Wind energy causes less destruction on the environment in comparison to fossil fuel, but windmills in Karnataka have been placed in forest areas at the cost of animals and birds.
The Salim Ali Centre for Ornithology and Natural History (SACON) has conducted a study, which has found that the noise and vibrations from the blades of the turbine, apart from the direct impact, were driving animals away, leading to man-animal conflicts. The study was conducted due to the increasing number of windmills in forest areas whose influence has not been researched or included in a policy.
According to the Ministry of Environment and Forests (MoEF) data, Karnataka’s investment in wind energy has seen 37.8 sq.km of land in the forest being used to build windmills.
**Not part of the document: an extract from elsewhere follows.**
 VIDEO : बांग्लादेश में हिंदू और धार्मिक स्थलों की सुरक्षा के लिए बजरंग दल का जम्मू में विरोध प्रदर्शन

The numbers are ever increasing, with policy leaning towards “green energy”.
A team of 11 researchers led by H N Kumara from SACON spent over a year monitoring windmills in Chitradurga and Gadag, both being under forest cover.
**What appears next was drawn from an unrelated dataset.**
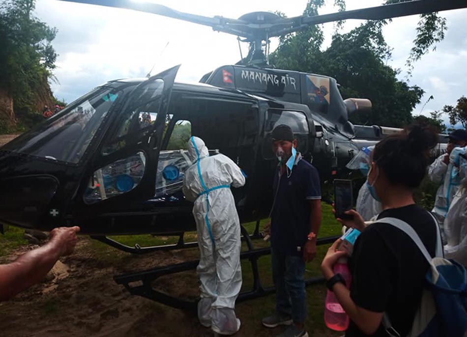 गत जेठ–५ गतेभन्दा यता मात्र सङ्क्रमितलाई अस्पताल लैजान नौँ पटक हेलिकोप्टर चार्टर भइसकेका छन् । गत असार–८ गते ऐसेलुखर्क गाउँपालिका–३ का ६० वर्षीया सङ्क्रमित वृद्धालाई रु दुई लाख ९५ हजारमा हेलिकोप्टरमार्फत काठमाडौँ लगिएको थियो ।

They studied the collisions between the animals and the turbine and recorded that between 35 to 40 per cent of the bird diversity resides in these areas.
“There is a clear displacement of birds. We estimate that there are 50 per cent lesser birds in areas with windmills compared to control sites nearby that were undisturbed,” says Dr Kumara.
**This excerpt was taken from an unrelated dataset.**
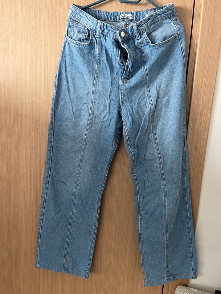 Mavi denim kumaştan, rahat kesim ve midi boyda, gündelik kullanıma uygun sokak stilinde kadın jean pantolon.
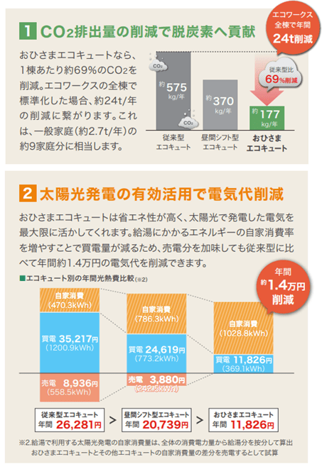 おひさまエコキュートのCO2排出量は年間約177kgで、従来型エコキュート(年間約575kg)から約7割の削減となる。同社が全棟に導入した場合、一般家庭9家庭分に相当する年間24tのCO2を削減できるとしている。また、給湯にかかる電気料金も、買電分を含めて従来型よりも年間1.4万円の削減になると試算している(下グラフ)。

The observations made by the team have been studied by the Forest Department, which has been documenting man-animal conflicts over the past 15 years. The final report is expected to be submitted by the end of the month, with the department sending clarifications and comments.
“We have asked for certain refinements, and we will look seriously at the impact of windmills on birds and mammals. Based on this, we will draw up guidelines for setting up windmills to mitigate these effects,” said C Jayaram, Principal Chief Conservator of Forests (Wildlife), reported The Hindu.